PROBLEM TO WORK ON:
Copy each line below in which the word "华宝纪事" occurs.

(Dataset records)
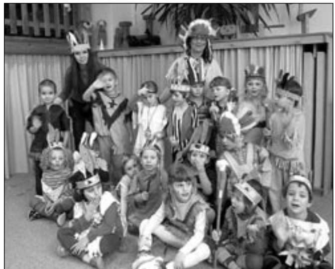
Děti se pečlivě převlékly a namalovaly.
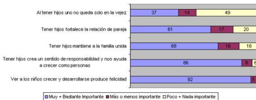
Gráfico Hijos: ¿Cuán importantes son o fueron para Ud. Personalmente las siguientes razones para decidir SI tener más hijos?
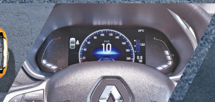
17.78 cm TFT ଇନଷ୍ଟ୍ରୁମେଣ୍ଟ କ୍ଲଷ୍ଟର୍

*The above-mentioned price of ₹6,09,995 is for the base variant (RXE) of the Triber and is exclusive of all local taxes. Renault vehicles now come with a standard warranty of 3 years or 100,000 kms, whichever is earlier. The price/features mentioned in this advertisement may vary depending on the model/variant and features in the car. Corporate / PSU / Defence personnel / government employee / professional benefits applicable on each model are basis eligibility of the customer and based on submission of required proof by the customer. Price valid on the date of purchase. For detailed terms and conditions, please visit www.renault.co.in
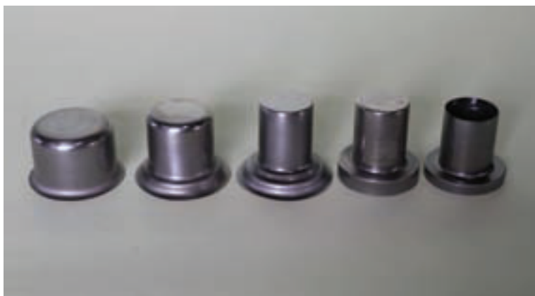
SPCB t0.6 上部 \phi 42 下部 \phi 65 \times 60h プレス絞り 4工程 トリム 1工程
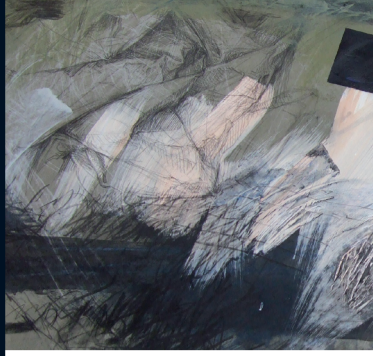
Zeichnung 1 (Ausschnitt), Mischtechnik, 70 x 100 cm, 2007

Ingeborg Ullrich, geb. 1943 Studium an der Fachhochschule in Hamburg. Lebt und arbeitet in Dinklar.
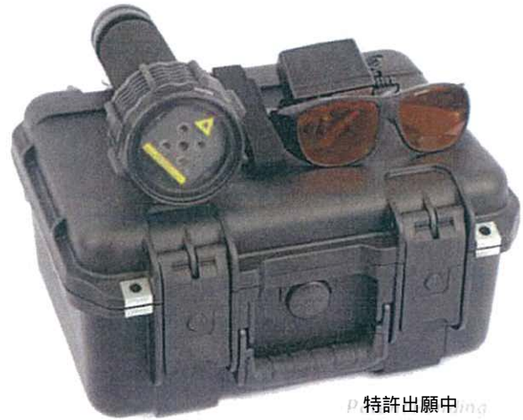
P 特許出願中 ing
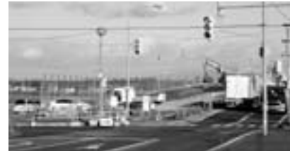
現在工事中の国道337号札幌大橋付近交差点

平成8年に実施した「道路防災点検」の結果をもとに地域要望などを含め、緊急性の高い箇所から地吹雪対策として防雪柵の設置を行っている。今後についても優先度を検討し、取り進めて参りたい。
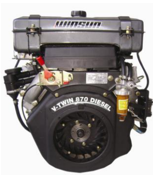
R2V870-V2 2κύλινδρος, με ρεζερβουάρ
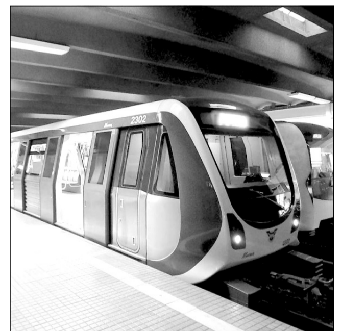
Metroul ar urma să aibă 15 stații pe o lungime de aproximativ 16 km

Pe lângă faptul că prețul oferit de Metroul SA, de respectiv 29,38 milioane de lei, a fost mai mic decât cel al asocierii declarate câștigătoare, reprezentanții companiei bucureștene acuză și depunerea artificială a ofertei lor. Mai mult, aceștia spun că Primăria Cluj-Napoca avea obligația să elimine din licitație asocieria declarată câștigătoare,
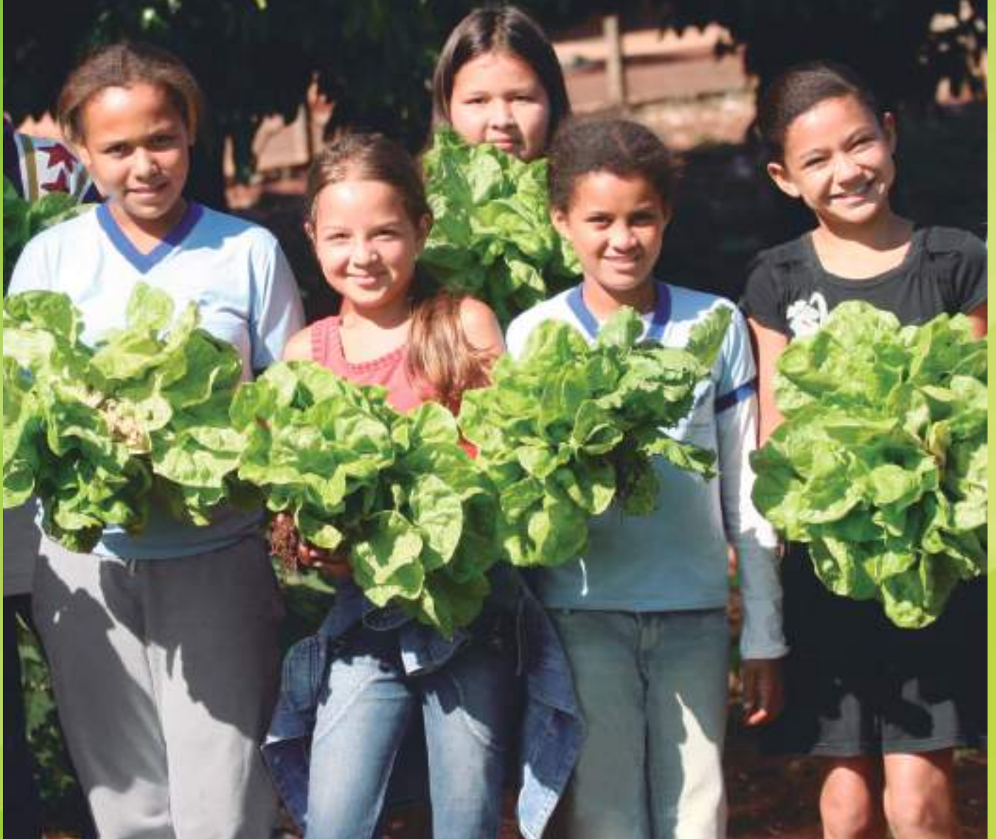
Escola João Saraiva, em Santa Helena de Goiás (GO), junho de 2009
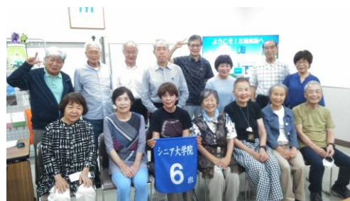
三島食品(株)広島工場
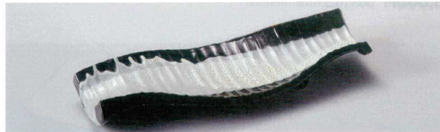
136-3-555 カイラギうねり串目尺皿 3,300円 34×13.5×5cm 15入 21504552
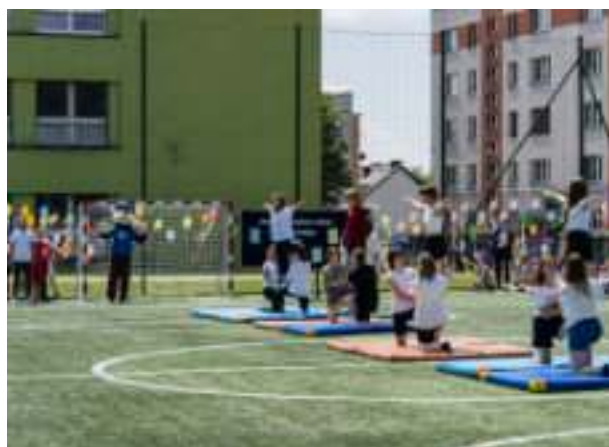
► Budowa boiska z bieżnią przy SP nr 14
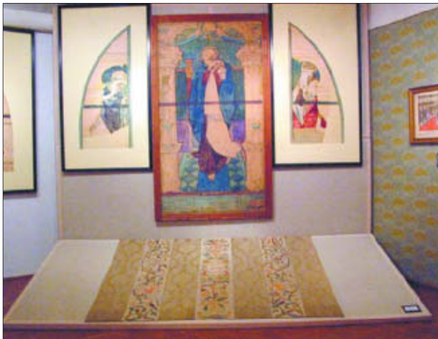
Wystawa czasowa „Józef Mehoffer – ze zbiorów Muzeum Mazowieckiego”

10.00 – 18.00 „Płoccy kusznicy” – wystawa z okazji 10-lecia Płockiej Drużyny Kuszniczej. Książnica Płocka – filia biblioteczna nr 3, ul. Rembielińskiego 11; tel. 263 01 05
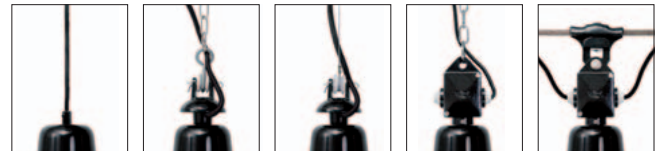
Kabel-Aufhängung K/... Alu-Gussaufhängung mit vernickelter Kette AGK/... Alu-Gussaufhängung mit Stahlseil AGS/... Alu-Kabel-Box mit vernickelter Kette ABK/... Alu-Kabel-Box mit Seilaufhänger ABS
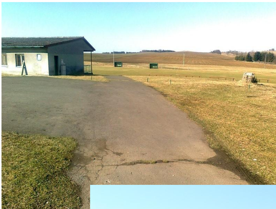
Nový plot u fotbalového hřiště (duben)
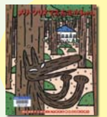
メリークリスマス おおかみさん みやにしたつや 著
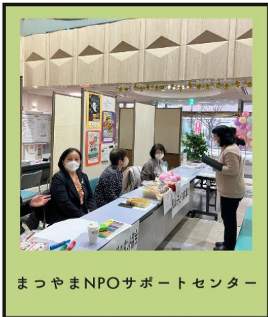
まつやまNPOサポートセンター
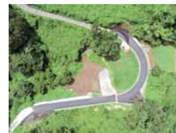
集落道の改良工事

生活環境基盤となる、営農飲雑用水施設（水道施設）、集落道の改良工事、排水路工事等を県の補助事業を活用しながら整備を行っています。宮崎県と連携しながら総合的に事業を行うことで、地域の活性化や定住の促進、国土・環境の保全に繋がっています。
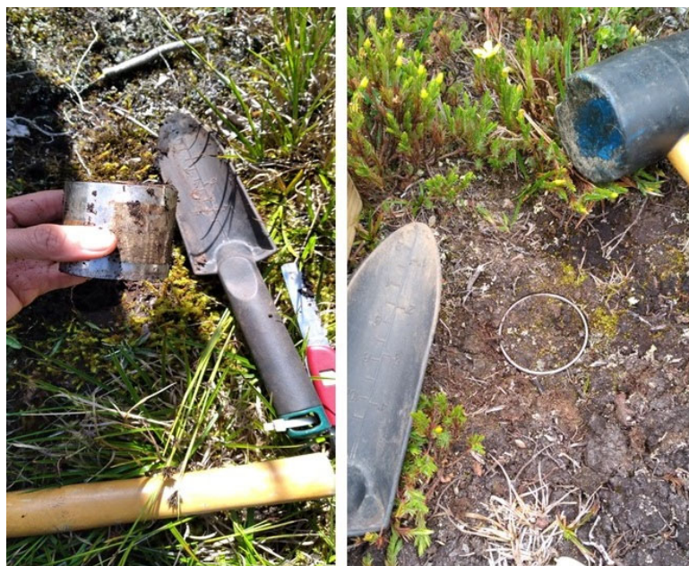
Figura 3. Registro fotográfico de la recolección de muestras de suelo con cilindros en turberas de altura, Parque Nacional Tapantí Macizo de la Muerte, Costa Rica.
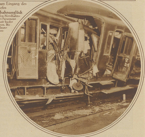
Zwei vollständig ineinandergeschachtelte Wagen. Die Coupés des vordersten Zweitklasswagens sind rasiert, alle darin sitzenden Passagiere wurden getötet
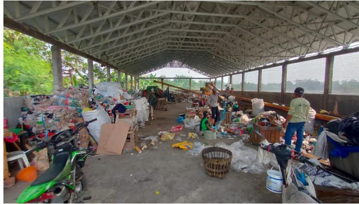
Gambar 3. TPST 3R Desa Wedoroklurak

Dari gambar 3 Peran sebagai fasilitator Pemerintah Desa Wedoroklurak dalam pengelolaan sampah sudah cukup baik. Dengan menyediakan sarana atau fasilitas untuk pengelolaan sampah yang menjadi salah satu masalah utama di Desa Wedoroklurak. TPST dengan lebar 10, panjang 32 meter serta disediakannya mesin confeyor dan mesin pemilah sampah, merupakan salah satu upaya pemerintah desa wedoroklurak dalam hal penanganan sampah. Hal ini berbading lurus dengan peran pemerintah sebagai fasilitator dalam teori Edy Suhardono. Pendekatan fasilitator ini juga didukung oleh penelitian sebelumnya yang dilakukan oleh Sri Hadiatmi (2011) yang berjudul "Pendukung Keberhasilan Pengelolaan Sampah Kota", yang menekankan pentingnya keterlibatan masyarakat dan pemangku kepentingan dalam pengelolaan sampah. Pemerintah Daerah juga memainkan peran penting sebagai komponen penentu kebijakan dengan membuat peraturan yang mewajibkan setiap kelurahan atau Pemerintah Desa memiliki tempat sebagai pusat pengelolaan sampah dan memfasilitasinya.
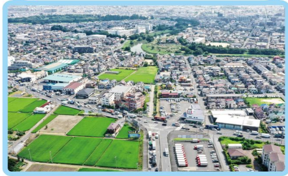
1 越谷市神明町二丁目地内 (国道4号交差点付近)
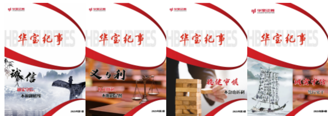
图：2025年公司共发布4期内刊《华宝纪事》

夯实文化品牌阵地。 2025年完成官网迭代优化，统一品牌视觉体系，擦亮对外专业形象；依托内部OA开设品牌专栏，常态化推送品牌规范内容；升级改版公司内刊《华宝纪事》，聚焦经营发展、文化理念传递、员工关怀等内容，筑牢内外宣传阵地。

ANSWER BELOW:
图：2025年公司共发布4期内刊《华宝纪事》
夯实文化品牌阵地。 2025年完成官网迭代优化，统一品牌视觉体系，擦亮对外专业形象；依托内部OA开设品牌专栏，常态化推送品牌规范内容；升级改版公司内刊《华宝纪事》，聚焦经营发展、文化理念传递、员工关怀等内容，筑牢内外宣传阵地。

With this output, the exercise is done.